November 8, 2012
The Brain Switches Into Special Mode For Rapid Decision Making
Alan McStravick for redOrbit.com - Your Universe Online
Two similar scenarios, but for the timing involved, require different parts of your brain to help you make a decision. Let´s say you are driving on the freeway when the car in front of you blows a tire. You have only milliseconds to process the situation, make your decision and act. Do you slam on your brakes or pull out of the lane suddenly? Either decision could be right or wrong. Scenario 2 has you driving down the same freeway. You see, far ahead of you some commotion from a car that has blown a tire. You have time and distance to decelerate and move to a lane away from the distress.
A new research study, conducted by Research Assistant Professor Richard Heitz and Jeffrey Schall who is the Ingram Professor of Neuroscience, at Vanderbilt University, has found that in situations like Scenario 1 above, our brain will actually switch into a special mode that is responsible for making rapid decisions. Their study was published this week in the journal Neuron.
"This is a question that is very basic to our experience as human beings, and something that we encounter on a daily basis," Heitz, who designed and carried out the study, said. "If we can understand how our brain changes when we are pushed to respond faster, we have gone a long way toward understanding the decision-making process in general."
There is an important sacrifice to recognize when making knee-jerk reactions, however. A speedy decision is not always an accurate decision. There have been several studies of human decision making. Numerous behavioral and brain-mapping studies have shown that both deliberate and rapid decisions utilize the same basic methods in the brain. In a higher-stress, higher-pressure situation that requires a more rapid decision, the brain simply reduces the cumulative amount of neuronal activity it requires before making a decision. Making a decision based on a much more limited subset of information than the brain would have for slower decisions, the overall likelihood that it will make a mistake increases.
Researchers were at a full-stop, it seemed, in the study of decision making. They were limited in advancing study because, while humans can be easily prompted between quick and deliberate decision making, there is no safe way to study the individual neurons in the brain and their relation to the decision making process. On the other hand, we can study those neurons directly in monkeys, but they can´t be easily prompted to discern between the speedy and slow decision making processes. Well, that is until now.
The researchers were able to develop a method for teaching the monkeys to switch back and forth between fast and accurate decision making. This method utilized a task that involved the test monkey picking out a target from an array of objects presented on a computer screen. The monkeys were taught to value accuracy and were rewarded for correct responses. Another test group was trained that some mistakes were okay, as long as their answers were fast. Once the monkeys were trained, the researchers were able to monitor the signals that were sent from single neurons in the monkey´s prefrontal cortex. The prefrontal cortex is the area of the brain that is dedicated to higher cognition.
"Our tests are like two different game shows. One — call it Fast Fury — is like Jeopardy. In order to answer a question you must be the first to hit the buzzer. Buzzing in and answering incorrectly is bad, but being slower than the other contestant means you will never earn a reward," Heitz said. "That is much different than the second game show — call it High Stakes Showdown — where buzzing in at any time gives you the opportunity to answer a question, but being wrong results in a serious penalty."

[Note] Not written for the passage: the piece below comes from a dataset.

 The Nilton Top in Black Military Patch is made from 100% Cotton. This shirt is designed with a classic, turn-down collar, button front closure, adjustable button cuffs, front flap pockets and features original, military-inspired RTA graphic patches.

"The first thing you see is that neural activity of the player of Fast Fury jumps up even before the question is read," Heitz said. "The subjective experience of getting ready that we all experience appears to be reflected in the background activity of neurons in prefrontal cortex." In comparison, the neural activity drops to extremely low levels during High Stakes Showdown while the player waits to hit the buzzer.
This picture differs substantially with the standing theory that the brain uses the same process for all types of decisions. "Our second observation, in particular, was really startling," Schall said. "It really flies in the face of what we thought we knew about decision-making."

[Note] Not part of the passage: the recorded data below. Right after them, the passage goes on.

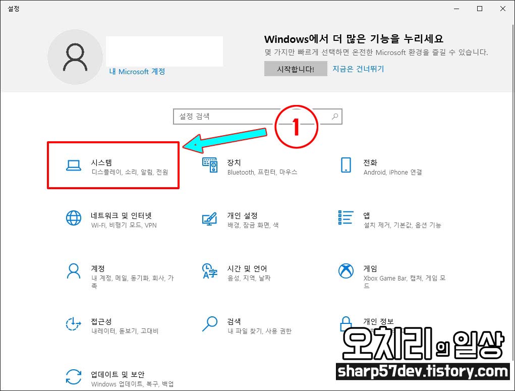 여기에서 1번인 "시스템" 아이콘 버튼을 클릭합니다.
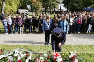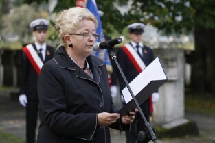 Gdańsk, Cmentarz - Pomnik Bohaterów 'Zaspa". Obchody 73. rocznicy rozstrzelania Obrońców Poczty Polskiej w Gdańsku. Nz. Z-ca Prezydenta Gdańska Ewa Kamińska
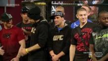 The pressure becomes too much for one fighter, forcing him to quit the competition. After a stirring speech from Brock, Team Lesnar faces Team Dos Santos in the second preliminary fight.
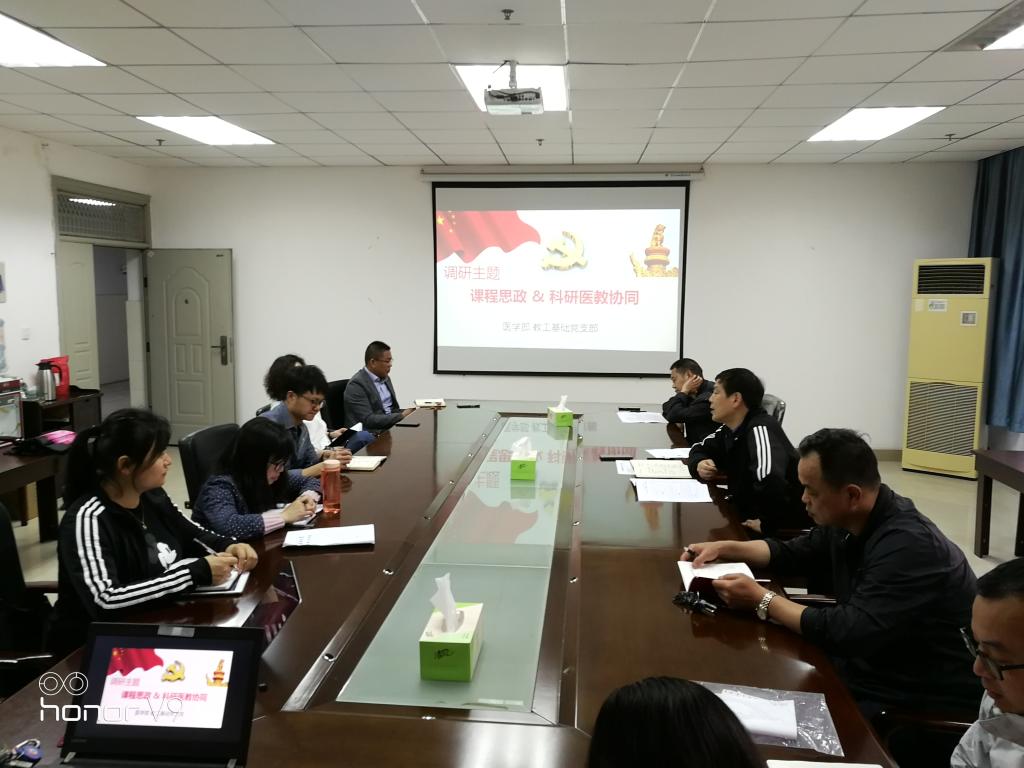 (通讯员 杨飞)5月6日下午,医学部党委书记关辉、副院长陈晓光到教工基础党支部开展课程思政工作和科研医教协同调研。会议由支部书记马兆武主持,基础教工党支部全体教师党员参加会议。
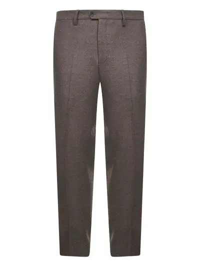 brown belt loops elasticated waistband side pockets rear buttoned welt-pockets front pressed creases
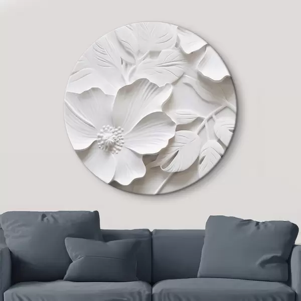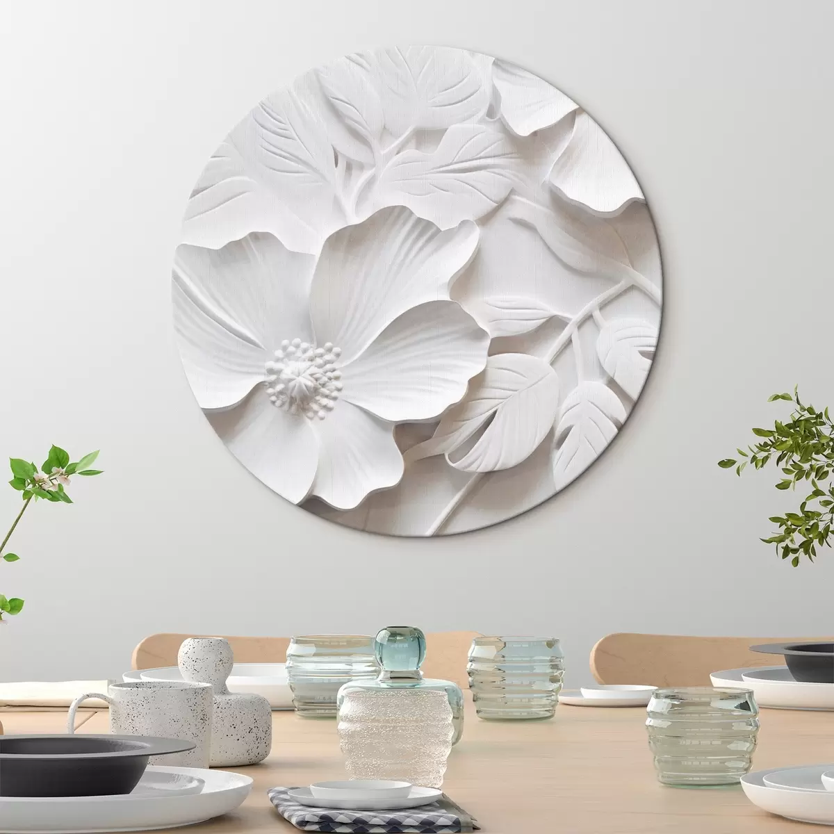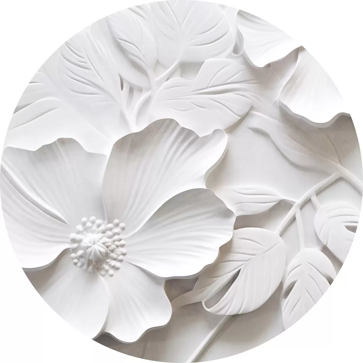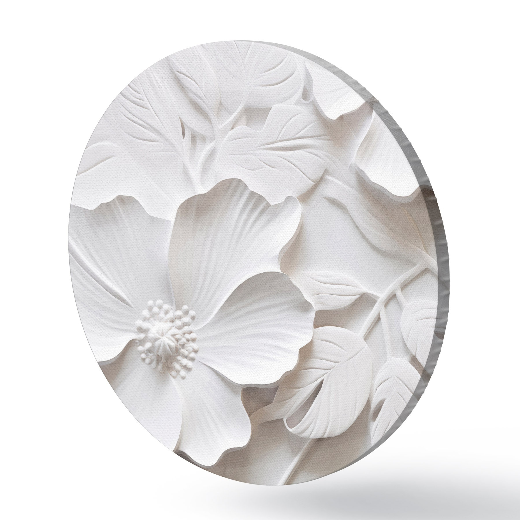 Tableaux ronds Fleurs blanches décoratives minimalistes avec feuilles, imitation relief, fond blanc r45180

Using the researcher´s game show example, what happens when contestants in Fast Fury and High Stakes Showdown are given identical questions? According to the team, the activity of the prefrontal cortex neurons will increase while the observers are deciding how to respond. Their new data suggests, however, that this activity is amplified during the Fast Fury example and suppressed during High Stakes Showdown.

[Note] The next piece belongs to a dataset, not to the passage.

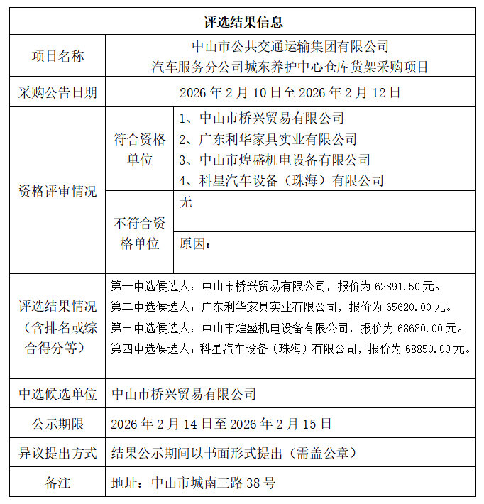 中山市公共交通运输集团有限公司汽车服务分公司城东养护中心仓库货架采购项目评选结果公示
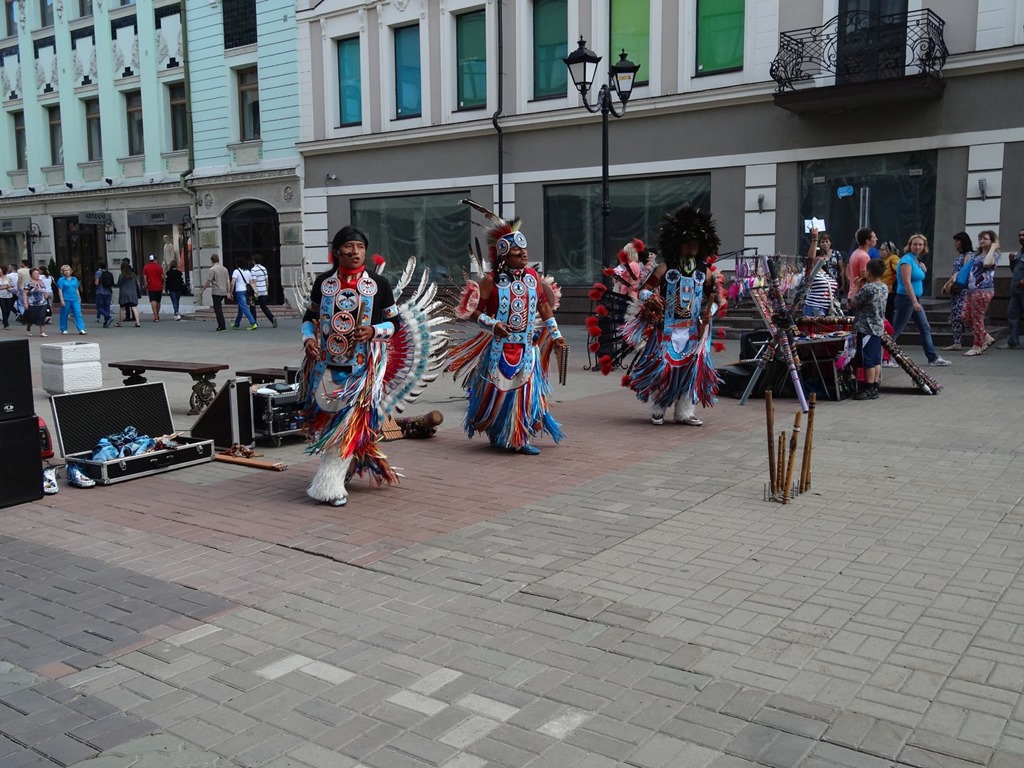 und ein paar Ureinwohner von irgendwo waren auch da – gemäss Handy-Russisch unserer Serviertochter (das geht so – wir gestikulieren und machen typische Geräusche – sie zückt das Handy und haut kyrillisch in die Tasten bis unten Englisch rauskommt. Zur Frage nach den Federgesellen meinte das Handy “These are Actors they are travelling all around Russia dancing and singing to make rain” – worauf wir denen keinen Rubel mehr gespendet haben – Regen brauchen wir nicht.

"What this means is that identical information presented to the brain is analyzed differently under speed stress than under accuracy stress," Schall said.
There will be, no doubt, much controversy in the scientific community due to these unexpected results. The team and their research outcome are at odds with currently accepted mathematical models of decision making. The current models are being used to understand psychiatric and neurological disorders. Heitz and Schall have shown how these current models can be modified to make them consistent with the new results. This would help, for example, people with certain types of brain damage who seem to have gotten stuck in a hasty, impulsive mode for deciding. The new research could help provide some indication for how and why this is happening mechanically in the brain.
Should we always strive to make deliberate decisions to eliminate errors in our thinking processes? According to Schall, ““¦there are many situations in life when the cost of not acting is higher than making an error in judgment. For example, if the decision is whether or not to shut down a nuclear reactor in the presence of a potential meltdown, I'd prefer haste."